Transcendence impresses a teleological mark on the progression of time by setting salvation as an end point in one’s life and now, under neoliberalism, by substituting redemption with the endless work of restitution. The problem is not the Other but the relation we imagine having with this alterity. The Jubilee complied with this sacred function by alleviating a structural problem in the ancient world. Facing a planetary collapse, the neoliberal response instead ranges from outright denial to inadequate promises, which are always geared toward surplus value. Consider how at the onset of the Russian invasion of Ukraine in 2022 it was predicted that the West would transition faster toward renewables to avoid Russian energy imports. Naturally, the opposite happened. Security concerns and record profits for fossil fuel companies prompted massive investments into new oil and gas projects that will doom any hope of meeting the Paris agreement to limit global warming to below 1.5 degrees Celsius. Governments committed to fighting climate change enacted these policies because, as Timothy Morton writes, neoliberalism can always explain away the costs of externalities and ecological destruction; after all, both capital and nature “exist in an ethereal beyond” capable of absorbing anything.37 This repression of the ecological boundaries also fuels the discourse of austerity. The logic of payability dominates the political discourse over the ecological and social needs of our societies by setting up an imaginary future of fiscal deliverance, while the true biosocial damages of our present model of production are displaced. Neoliberalism sets up a convenient inverted image: Nature is endlessly manipulable, while the public circulation of money is constrained by transcendence, the great debt collector, which invariably vanishes when military spending knocks on the door.
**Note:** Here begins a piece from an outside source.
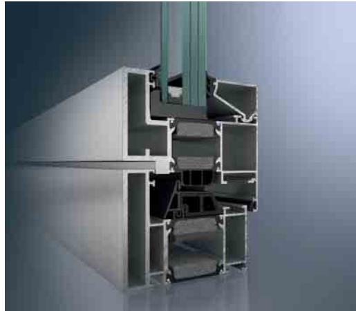
Schüco AWS 90 BR als RC4-Lösung Schüco AWS 90 BR as RC4 solution

Burglar- and bullet-resistant window system

We need to move away from a symbolic model that represses the alterity we inhabit by projecting it onto the sphere of an Other who desires always more. The task is to sketch an economy of infinity that reflects Virno’s economy of noncoincidence at a monetary level, where the otherness of life takes up a political role. To do so, I analyze the new political economy imagined by Robinson’s novel The Ministry for the Future, which draws on Delton Chen’s idea of the Global Carbon Reward. The utopian dimension of this proposal is evident. But the novel’s attempt to bring alterity and its infinities into the fold of the social dimension of our present allows us to peer into the possibilities of what I call a social immanentization of infinity, that is, a world-forming and life-sustaining infinity detached from surplus value.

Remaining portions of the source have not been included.